Spring is here! OPI are releasing a FANTASTIC collection inspired by Holland, the land of tulips, clogs and gouda cheese. Do you like what you see? I'm über excited!



_A roll in the Hague, I have a Herring problem, Wooden Shoe like to know, Red Lights ahead… Where?, Thanks a Windmillion, Pedal Faster Suzi_
_Did you ‘ear about Van Gogh?, Dutch’ya just love OPI?, Gouda Gouda two shoes, I don’t give a Rotterdam, Kiss me on my Tulips, Vampsterdam_









  	And here are my swatches of the whole collection!

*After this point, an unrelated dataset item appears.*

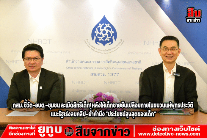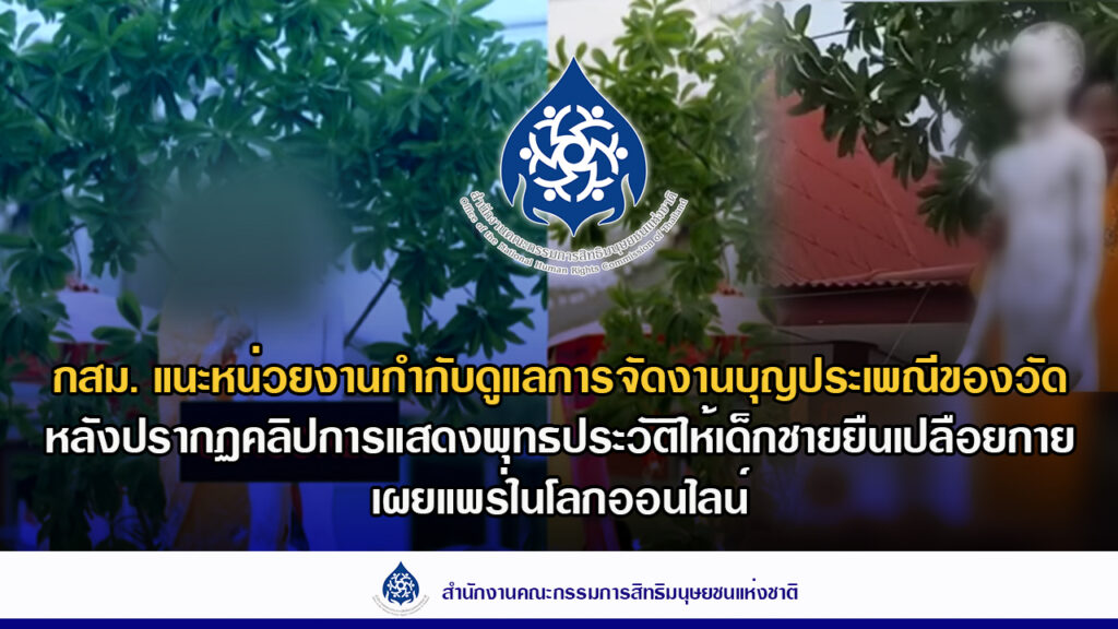 กสม. แถลงกรณีคลิปเด็กชายยืนเปลือยกายในขบวนแห่พุทธประวัติ งานบุญ “132 ปี อัฏฐมีบูชา” จ.นครปฐม เข้าข่ายละเมิดสิทธิมนุษยชนและสิทธิเด็ก ชี้หน่วยงานรัฐ–วัด–ชุมชน ละเลยหน้าที่ แนะกำหนดแนวทางจัดงานวัดทั่วประเทศให้เหมาะสม พร้อมเร่งลบคลิปออนไลน์ป้องกันกระทบสวัสดิภาพเด็ก

  	A roll in the Hague, I have a Herring problem, Wooden Shoe like to know, Red Lights ahead… Where?, Thanks a Windmillion, Pedal Faster Suzi





  	Did you ‘ear about Van Gogh?, Dutch’ya just love OPI?, Gouda Gouda two shoes, I don’t give a Rotterdam, Kiss me on my Tulips, Vampsterdam
_



_


  	Do you have any favourites?


----------



## Anneri (Dec 6, 2011)

Love!!! My bf is Dutch, so just for that reason I'll have to get a few of these! A roll in the Hague, I have a herring problem and Dutch'ya just love OPI look lovely!


----------



## Mac-Guy (Dec 6, 2011)

Anneri said:


> Love!!! My bf is Dutch, so just for that reason I'll have to get a few of these! A roll in the Hague, I have a herring problem and Dutch'ya just love OPI look lovely!


	That's a very good reason.


----------



## SQUALID (Dec 7, 2011)

They're all so pretty. Here's A Roll in the Hague


----------



## LiLBeautyBarbie (Dec 7, 2011)

the colours are beautiful! i'm going to have to pick some up


----------



## xpinkglitter (Dec 7, 2011)

FINALLY! A creme finish hot pink


----------



## Indigowaters (Jan 8, 2012)

When is this collection coming out?


----------